No, Geekie, my targets in this post are anti-American scumbags like you, who DO sully American troops.

Got it?

Everyone else: got it?

Since I’m no longer welcome to post comments at Bidinotto’s website, I’ll mention a couple of points here.

First, a point about logic and language. It’s not accurate to say that I’m assuming that American troops are acting immorally, and that they’re doing so knowingly. I’m concluding that on the basis of an argument. The argument is mostly left unexpressed in my comments at Bidinotto’s blog; but that brings us to the second point: the reason it is left unexpressed is that nothing turns on it in the discussion with Bidinotto. The passage from Stein that Bidinotto singles out for outrage is true — and Bidinotto later concedes that it is true — whether or not the principle set out in it is (as Stein thinks it is, and Bidinotto does not) applicable to the situation of those soldiers who are willingly fighting in Iraq. (I think it’s important to note that not all soldiers fighting in Iraq are doing so willingly, in any meaningful sense. But that’s a side issue.) That’s all I was asking, and all I was interested in; There is a difference between stating that you’re going to discuss a principle without applying it to a particular situation, and stating that you’re going to discuss a principle that doesn’t apply to that particular situation. The question (and my implied endorsement of the principle) presupposed nothing (neither a Yes or a No) about its applicability in this particular case. Which is what I was saying. The invective against my dishonesty and fraudulence is, thus, based on something hard to distinguish from wilful misreading.

Logic lesson for the day: in order for an argument to beg the question, the argument must first be made. Or at least alluded to. Or something.

Second, the fact that Bidinotto is willing to bestow sentimental praise on some opponents of the Iraq war is not even remotely to the point. Here is a rough version of the argument being used by the folks that he is outraged at:

  1. The things done in the prosecution of the Iraq War are evil.
  2. There are some (many) American soldiers who willingly do the things done in the prosecution of the Iraq War.
  3. If soldiers willingly do things that are evil, they bear (at least some) moral responsibility for them.
  4. You shouldn’t support people who bear (at least some) moral responsibility for doing things that are evil.
  5. Therefore, there are some (many) American soldiers you shouldn’t support.

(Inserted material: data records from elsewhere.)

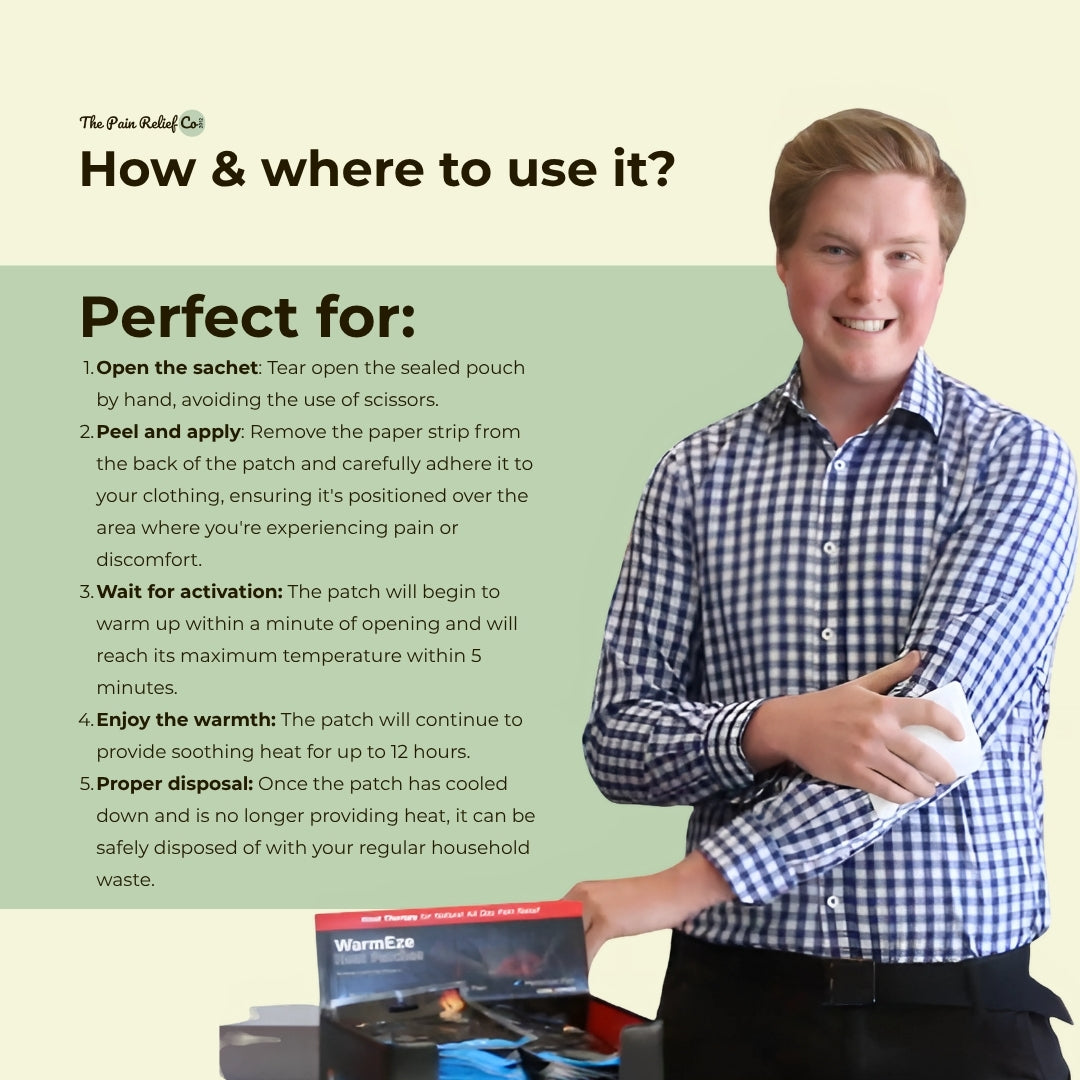 If you have any concerns about using heat patches, or if your pain persists, consult with a doctor or physiotherapist.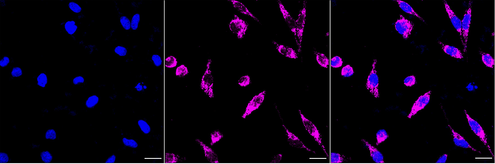 Immunocytochemical staining of HeLa cells with TSFM antibody. Nuclei were stained blue with DAPI; TSFM was stained magenta with Alexa Fluor? 647. Images were taken using Leica stellaris 5. Protein abundance based on laser Intensity and smart gain: Medium. Scale bar, 20 μm.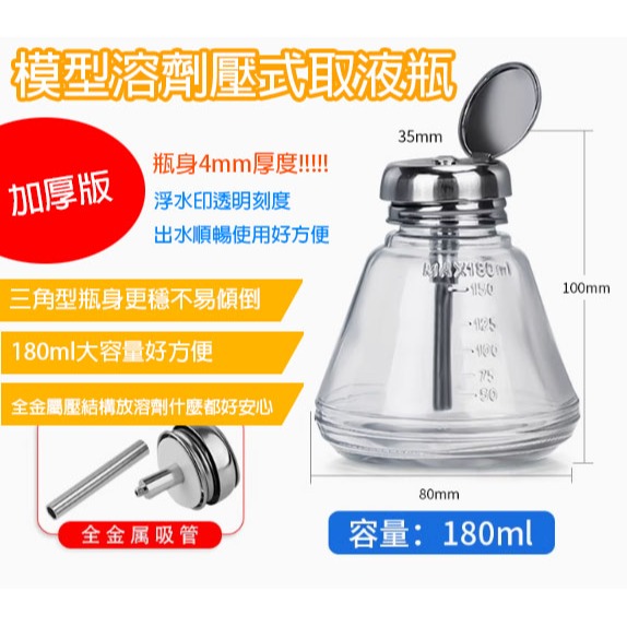 一瓶放硝基溶劑 沾棉棒洗噴筆針、洗筆壺、洗噴筆筆身、也可以放去漆溶擦掉上錯色的地方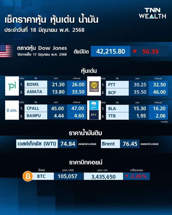 - ราคาบิตคอยน์วันนี้ (13 มิ.ย. 68) ปรับลง 4.41%

As far as I can tell, this is a valid deductive argument (if somewhat roughly expressed). Bidinotto strongly disagrees with the conclusion; and he’s pretty pissed off about those who would draw it. But what is it that he disagrees with in the argument? He explicitly states that he agrees with 3. 2 is a matter of manifest empirical fact. He doesn’t say anything one way or the other about 4 in this article, but as an Objectivist it’s unlikely that he’d want to deny it. So which premise does that leave in dispute: (1), the premise that the things done in the prosecution of the Iraq War are evil. If you accept all of the premises but don’t accept the conclusion, then you’re being inconsistent. If you avoid the conclusion only by rejecting premise 1, then the real issue in the debate just isn’t the scumbaggery of failing to support our troops. It’s the damned war. Acting as if your decision to sanction or not sanction the actions of American soldiers in Iraq should be insulated from any moral considerations about the propriety of the ongoing use of militarized violence in Iraq, or the direct individual roles that the soldiers play in carrying out the force, or the individual decisions that they make to comply or not to comply with that policy, requires you to either (1) deny one of the other premises (i.e., to give up on the idea that you shouldn’t sanction willing participation in evil, or to give up on the idea that individual soldiers are morally accountable for their actions under the banner of war); or (2) blank out. Neither of these is an option that should recommend itself to rational and civilized people.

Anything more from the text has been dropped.